Funeral mixed with change in Congress

? As the funeral for a Republican president prepared to collide with the installation of a new Democratic Congress, federal officialdom scrambled Friday to properly mourn the one and celebrate the other.

Not exactly known for camaraderie the past few years, leaders of the two major political parties had to at least make nice while arranging for conflicting ceremonial events – a responsibility made all the more fraught by the imminent power shift coming to the Capitol.

The GOP leadership team of House Speaker J. Dennis Hastert, R-Ill., had wrapped up for the year and gone home when the death of President Ford pulled them all back to town for a state funeral tonight – one that not even President Bush, ensconced at his Crawford, Texas, ranch for the holidays, planned to attend.

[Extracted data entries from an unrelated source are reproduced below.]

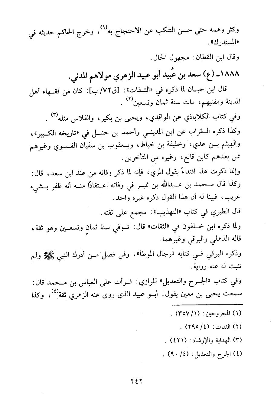 ١٨٨٨ - (ع) سعد بن عبيد أبو عبيد الزهري مولاهم المدني.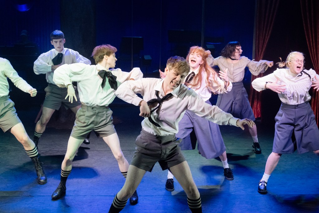 Musikalstudenterna gör en imponerande insats med fenomenala ensemblescener. Här ska agerande paras med sång och med koreografi – den sistnämnda excellent skapad av Mike Gamble. Fortfarande är många inte färdiga med sina röster, har inte hittat tonen och självsäkerheten. Ibland är skådespeleriet mer självklart än sjungandet. Emellanåt precis tvärt om. Men det finns några, som alltid, som sticker ut. Som Alva Palm, som gör sin Wendla osäker, smärtsam och lustfylld, som tonårstiden bjuder. Karin Gjørv Røraas har skapat en svart sårig Ilse, hon som sexuellt utnyttjats och av självförakt söker sig djupare och djupare ner. Även Nora Aurdal har smärtsam karisma med sin Martha. De har alla starka röster, som berör. Och jag skulle gärna höra mer av Bobbi Lindahl, som har en ljus, klar och känslig musikalröst som tjusar och är i fin samklang med Jesper Larsson.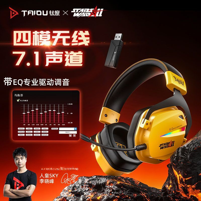 チタンアーマーワイヤレスゲーミングヘッドセットヘッドマウントオーバーイヤーBluetooth 2.4GゲーミングヘッドセットTHS3267.1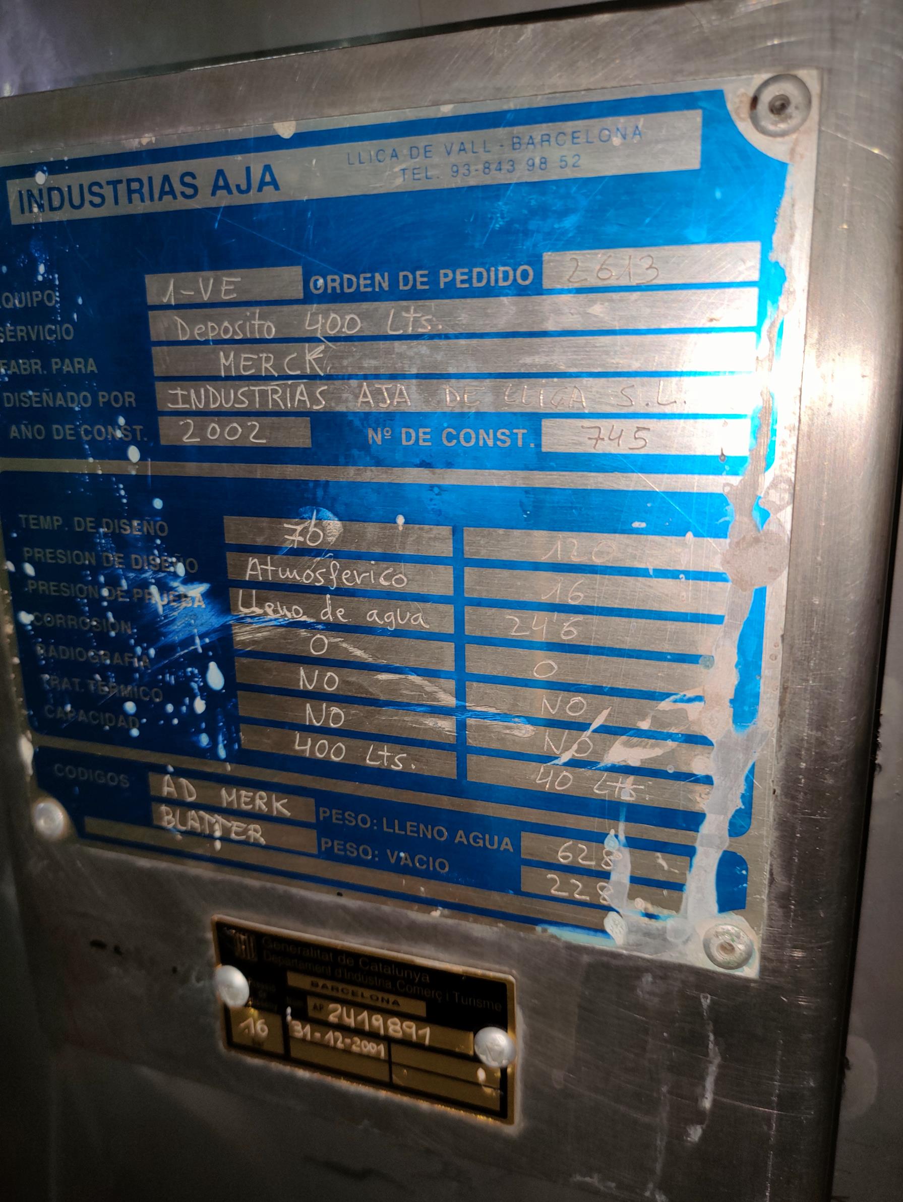 Description: Vertical tank, with 400 lts capacity agitator, heat insulated and with half-round heating/cooling.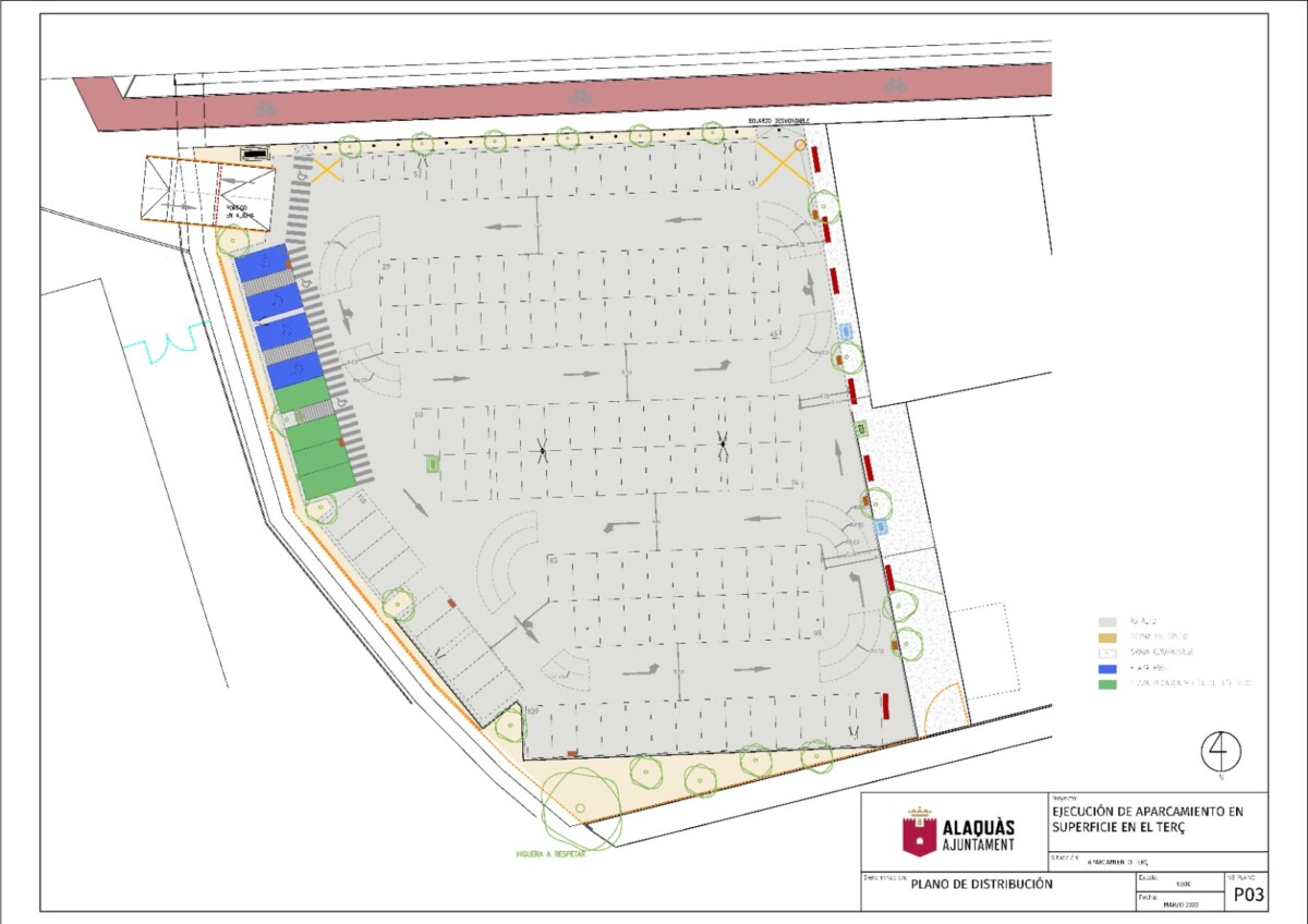 El ayuntamiento de Alaquàs ha anunciado la construcción de un nuevo aparcamiento en superficie junto al Polideportivo Municipal del Terç, concretamente en una parcela junto a los actuales huertos urbanos. El plazo previsto para su puesta en marcha es de 5 meses y cuenta con un presupuesto de 394.544 euros.

And Speaker-designate Nancy Pelosi, D-Calif., juggled what were to be four long-planned days of events celebrating her milestone, which suddenly overlapped Washington’s unexpected four-day farewell to the 38th president.

The way events were taking shape, Washington might have looked to the rest of the world like a reception hall swept up after a morning wake then decorated for an afternoon wedding. The city’s final goodbye to Ford, scheduled to end Tuesday at noon, would be bumping up against a party in Baltimore’s Little Italy, where Albemarle Street was to be officially renamed Via Nancy D’Alesandro Pelosi.

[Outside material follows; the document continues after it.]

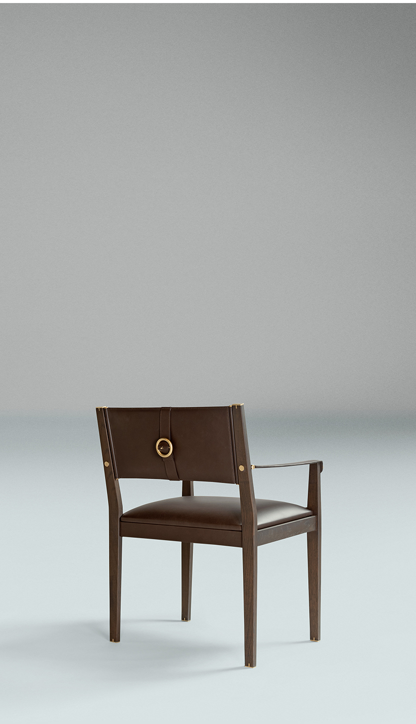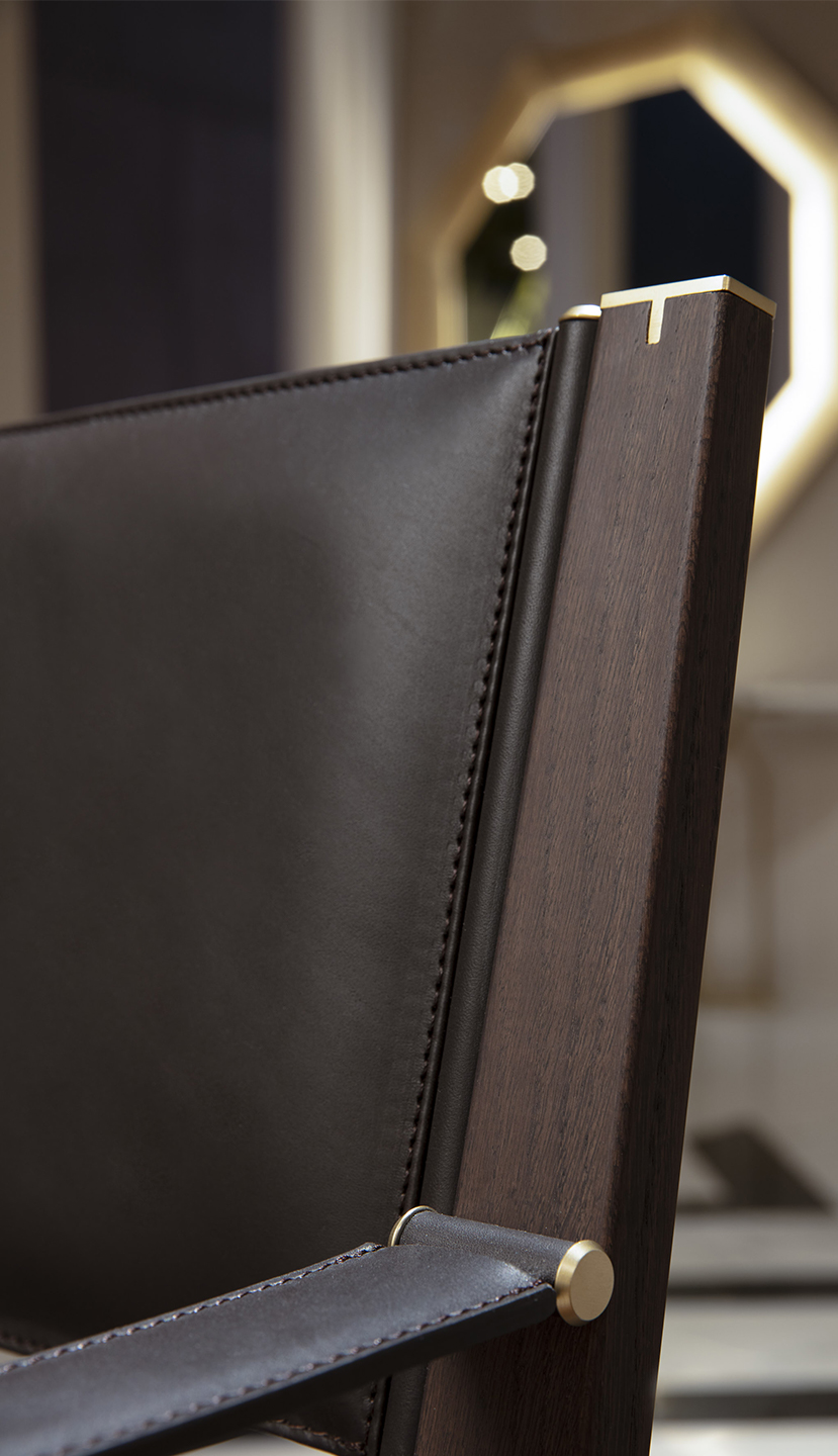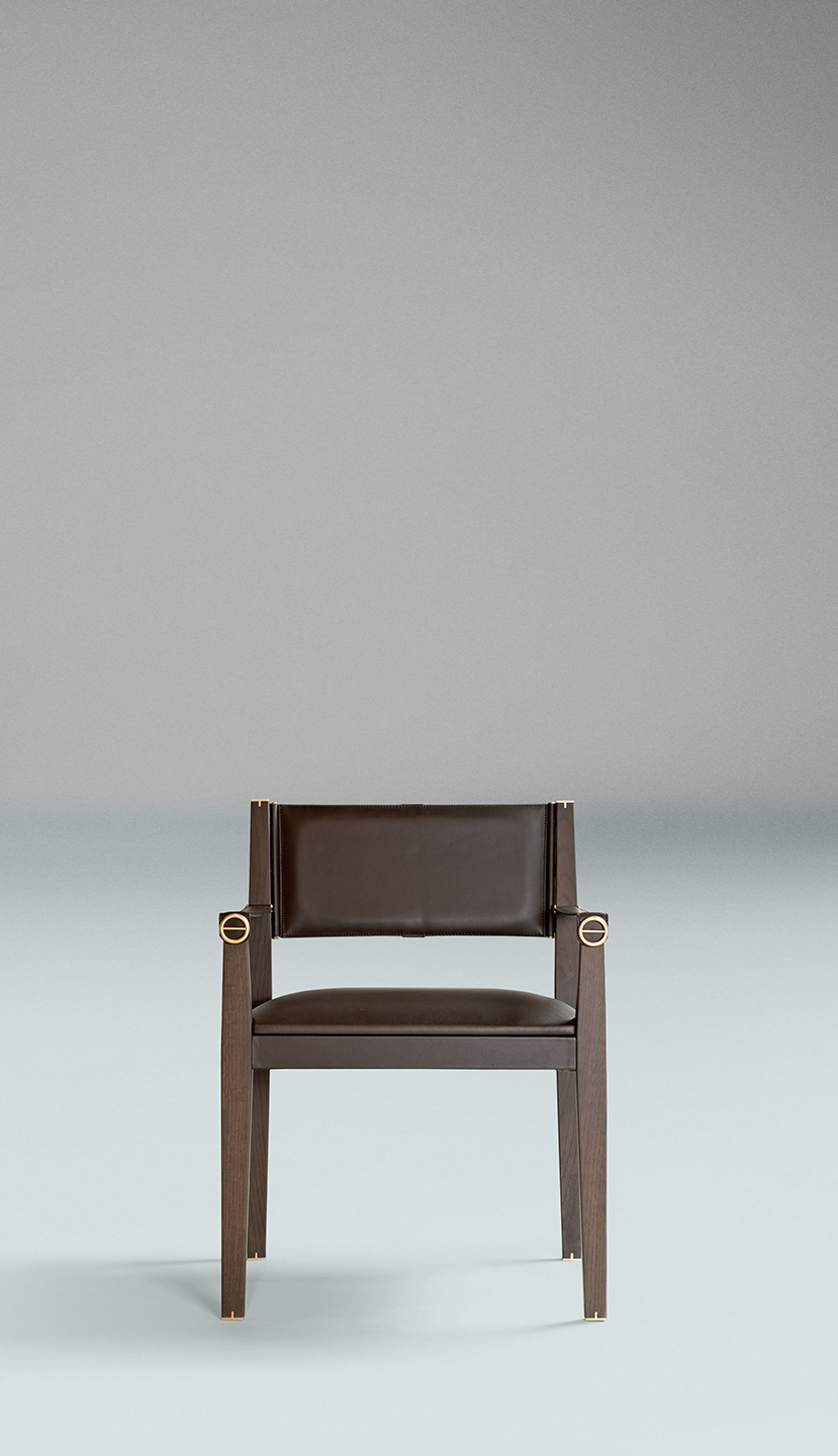 Una sedia polimaterica che profuma di viaggi esotici alla ricerca di un Eden perduto. Ispirata allo stile coloniale lo schienale e la seduta sono rivestiti in cuoio, mentre la ricercatezza della lavorazione della struttura in rovere tinto scuro è esalta dal contrasto cromatico e materico dei preziosi inserti in metallo con finitura oro opaco.

After spending hours Friday calculating the awkwardness of that juxtaposition, Pelosi’s staff announced the street-naming would be moved to Friday.

For days, it was unclear whether the outgoing Hastert or the incoming Pelosi was taking the lead in arranging the part that Congress would play in Washington’s send-off. In the end, Hastert took the lead but Pelosi’s blessing was implicit.

Ford, known as a consensus builder, might have appreciated the bipartisan spirit his passing brought, however briefly, to the usually vicious world of politics. Rep. Steny Hoyer, of Maryland, the new Democratic majority leader, was to stand with Hastert to greet Ford’s body when it arrives this evening at Andrews Air Force Base.

And former President Carter – who defeated Ford in 1976 – plans to deliver the eulogy in Grand Rapids, Mich., a final grace note in a friendship forged after Carter left office. Before his death, Ford asked his former rival to speak at his funeral, offering to do the same if Carter – 11 years younger – died first.

This evening’s state funeral will be in the Capitol Rotunda, where Ford’s casket will sit on the catafalque hastily built for Abraham Lincoln in 1865, a simple bier of rough pine boards.

Vice President Dick Cheney – who was Ford’s chief of staff – Hastert and Republican Senate President Pro Tempore Ted Stevens, of Alaska, will eulogize the former president tonight.

The White House announced that Bush will speak at a second service at the National Cathedral on Tuesday morning. Afterward, Ford’s body will be flown to Grand Rapids for burial at his presidential museum.